其次，原始引擎代码之中，会调用hooks。

void Engine::evaluate_function(

    std::shared_ptr<GraphTask>& graph_task,

    Node* func,

    InputBuffer& inputs,

    const std::shared_ptr<ReadyQueue>& cpu_ready_queue) {

  // If exec_info_ is not empty, we have to instrument the execution

  auto& exec_info_ = graph_task->exec_info_;

  if (!exec_info_.empty()) {

    auto& fn_info = exec_info_.at(func);

    if (auto* capture_vec = fn_info.captures_.get()) {

      // Lock mutex for writing to graph_task->captured_vars_.

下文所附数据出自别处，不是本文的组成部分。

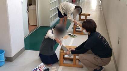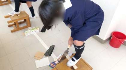 図工の学習です。ノコギリを使う木工です。線に沿って上手く切れるかな、頑張って!

      std::lock_guard<std::mutex> lock(graph_task->mutex_);

      for (const auto& capture : *capture_vec) {

        auto& captured_grad = graph_task->captured_vars_[capture.output_idx_];

        captured_grad = inputs[capture.input_idx_];

        for (auto& hook : capture.hooks_) {

          captured_grad = (*hook)(captured_grad); // 这里调用 hook，就是 DistAccumulateGradCaptureHook 的 operator()，captured_grad 就是累积的梯度

        }

      }

    }

  }

  // 后续省略

DistAccumulateGradCaptureHook 的 operator() 方法之中，会调用下面来累积梯度。

  autogradContext_->accumulateGrad(

      accumulateGrad_->variable, inputGrads[0], 3 /* num_expected_refs */);

4.4 累积梯度

4.4.1 上下文累积

void DistAutogradContext::accumulateGrad(

    const torch::autograd::Variable& variable, // variable就是目标变量

    const torch::Tensor& grad, // grad就是梯度，需要累积到variable之上

    size_t num_expected_refs) {

  std::lock_guard<std::mutex> guard(lock_);

  auto it = accumulatedGrads_.find(variable);

  at::Tensor old_grad;

  if (it != accumulatedGrads_.end()) {

    // Accumulate multiple grads on the same variable.

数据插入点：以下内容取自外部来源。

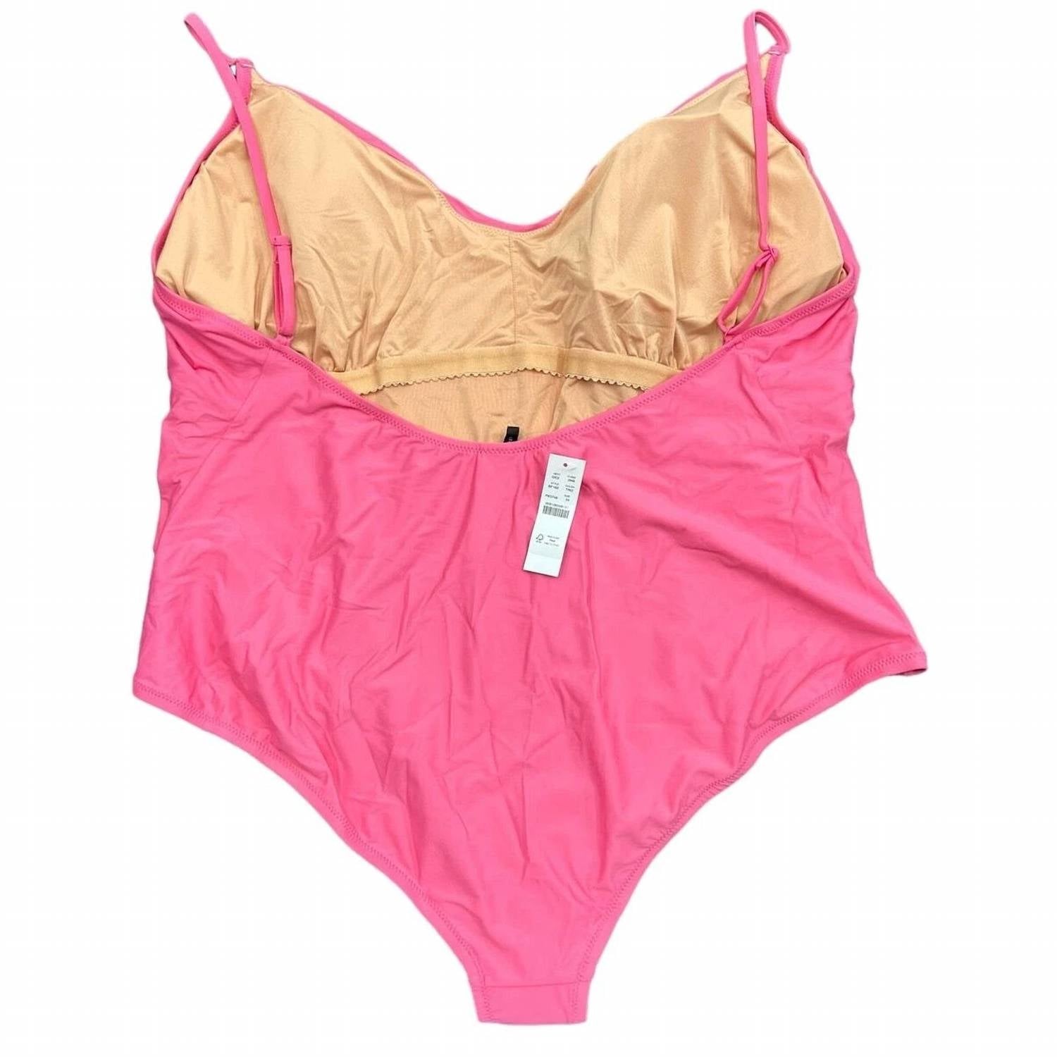 Designed to perfection and fit to flatter. You are going to love this one piece swimsuit. Dive into sustainability with the Women's Scoopneck One-piece Swimsuit by J.Crew, crafted with over 60% recycled materials for eco-friendly style. Made in a pink solid color, this one-piece features a nylon blend composed of 82% recycled nylon and 18% elastane, while the lining incorporates 92% recycled polyester and 8% elastane. Designed for comfort, it includes removable padding and offers approximate measurements of 21" pit to pit, a 20.5" waist, and a 30.5" length when laid flat. Care instructions suggest hand washing to maintain the suit's shape and fabric quality, although it is machine washable.

    old_grad = it->value();

  }

  // Gradients are computed using the forward streams. Local autograd

  // engine uses AccumulateGrad function to retrieve and apply forward

  // stream during the backward computation. In distributed autograd,

  // we directly call AccumulateGrad::accumulateGrad, and skip the

  // CUDA stream restoration from autograd function. Hence, we manually

  // call it here to get the streams correct.

  auto forward_stream =

      torch::autograd::impl::grad_accumulator(variable)->stream(

          grad.device().type());

  c10::OptionalStreamGuard stream_guard(forward_stream);

  // No higher order gradients supported in distributed autograd.

  AutoGradMode grad_mode(false);

  at::Tensor new_grad = AccumulateGrad::callHooks(variable, grad); // 计算

  AccumulateGrad::accumulateGrad( // 调用算子函数来累积梯度

      variable,

      old_grad,

      new_grad,

      // Add +1 here since we can't std::move(grad) when call

      // AccumulateGrad::callHooks, since it is a const ref, and that incurs a

      // refcount bump for the new_grad.

      num_expected_refs + 1,

      [this, &variable](at::Tensor&& grad_update) {

        auto device = grad_update.device();

        accumulatedGrads_.insert(variable, std::move(grad_update));

        recordGradEvent(device);

      });

}

4.4.2 算子累积

代码位于 torch/csrc/autograd/functions/accumulate_grad.h。AccumulateGrad 的定义如下：

struct TORCH_API AccumulateGrad : public Node {

  explicit AccumulateGrad(Variable variable_);

  variable_list apply(variable_list&& grads) override;

  static at::Tensor callHooks(

      const Variable& variable,

      at::Tensor new_grad) {

    for (auto& hook : impl::hooks(variable)) {

      new_grad = (*hook)({new_grad})[0];

    }

    return new_grad;

  }

  // Given a variable with its current grad as variable_grad, accumulates

  // new_grad into variable_grad if in place accumulation is possible.

  // Otherwise, uses 'update_grad' to update the grad for the variable.

  // "Gradient Layout Contract"

  //

  // AccumulateGrad tries to stash strided (non-sparse) grads with memory layout

  // (strides) such that variables and grads interact efficiently in later

  // optimizer kernels, and grads interact efficiently with c10d::Reducer.cpp.

  //

  // Specifically, AccumulateGrad tries to ensure the following

  // (cf torch/csrc/autograd/utils/grad_layout_contract.h):

  //   (1) if variable.is_non_overlapping_and_dense(), the stashed grad's

  //       strides match variable.

  //   (2) else, stashed grad is rowmajor contiguous.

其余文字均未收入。